NOOR SHAREENA AISHA ABDUL KHALID, KHUZAIDATUL AZIDAH AHMAD NAZRI & ZAKIAH JUBRI*

Department of Biochemistry, UKM Medical Centre, Jalan Yaacob Latif, Bandar Tun Razak, 56000 Cheras, Kuala Lumpur, Federal Territory, Malaysia

Received: 8 July 2020/Accepted: 30 September 2020

ABSTRACT

Oxidative stress plays an important role in the pathogenesis of heart disease. Tocotrienol-rich fraction (TRF) is an antioxidant and that has the potential to reduce the risk of heart disease. This study is to determine the protective effects of palm TRF against H₂O₂-induced oxidative damage in neonatal rat cardiomyocytes (NRCM). The NRCM were divided into control, treated with TRF (10 µg/mL), H₂O₂ (0.5 mM) and treated with TRF prior to H₂O₂ induction (pre-treatment). Cell viability was determined by the MTS assay,while the presence of reactive oxygen species (ROS) was determined using fluorescent dihydroethidium (DHE) and 5-(and-6)-carboxy-2′,7′-dichlorodihydrofluorescein diacetate (carboxy-H₂DCFDA) dye. Mitochondrial integrity and cell death were determined using JC-1 and Annexin V-FITC staining, respectively. Lactate dehydrogenase (LDH) and superoxide dismutase (SOD) activity were determined by colorimetric assay kit. The concentration of H₂O₂ from 0.5 to 5 mM reduced the cell viability and the H₂O₂ IC₅₀ value of 0.5 mM was used in the experiment. H₂O₂ induction increased the intensity of carboxy-H₂DCFDA and DHE-stains; and also the intensity of green fluorescence of J-monomers in JC-1 staining compared to the control group. The activity of LDH increased while the activity of SOD decreased in the H₂O₂ group.
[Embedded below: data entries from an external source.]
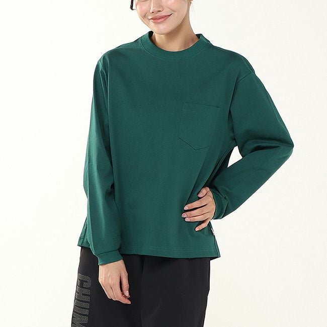ゆったりしたオーバーサイズシルエットのポケット付きロングスリーブTシャツ。
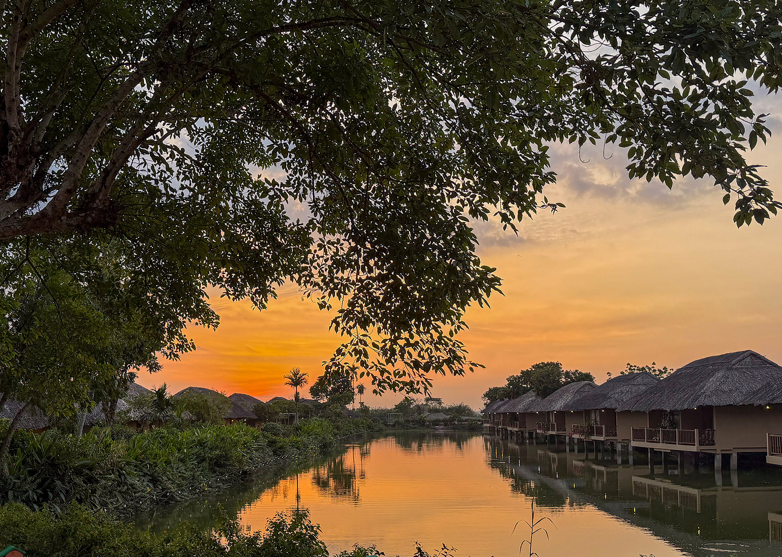 Angekommen im Mekong-Delta in unserer Bungalow-Anlage auf einer großen Flussinsel. Diese Anlage allein mit ihrem großen Garten und eigenem See ist für sich schon wunderschön. Direkt dahinter gibt es aber auch noch ein Dorf, in das man selbständig ausschwärmen kann. Auch Fahrräder stehen zur Verfügung. Auf dem Fluss tuckern vom zeitigen Morgen bis zur Abendsonne die kleinen und großen Boote vorbei.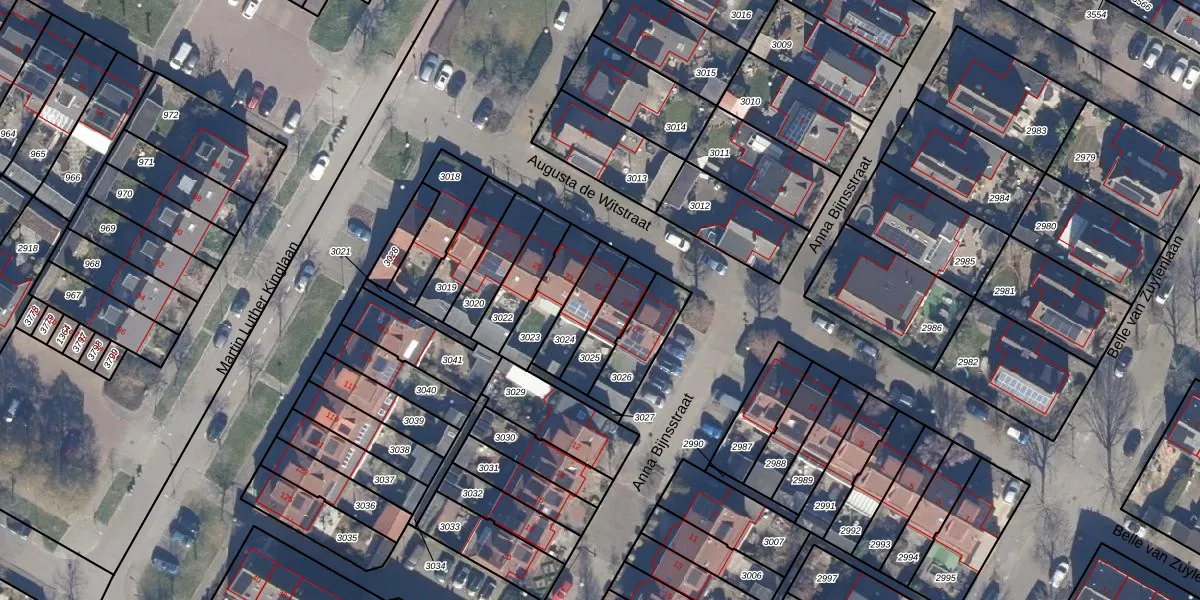 Gebruik de zoekbalk of klik op een perceel voor informatie over de adressen binnen dit perceel.

Pre-treatment with TRF reduced the intensities of carboxy-H₂DCFDA and DHE-stains, as well as the green fluorescence of J-monomers in JC-1. Meanwhile, the LDH activity was reduced in the pre-treatment group but no changes were recorded in SOD activity compared to the H₂O₂ group. Palm TRF protects cardiomyocytes from oxidative damage by reducing ROS production and maintaining the mitochondrial membrane integrity thus reducing cell death.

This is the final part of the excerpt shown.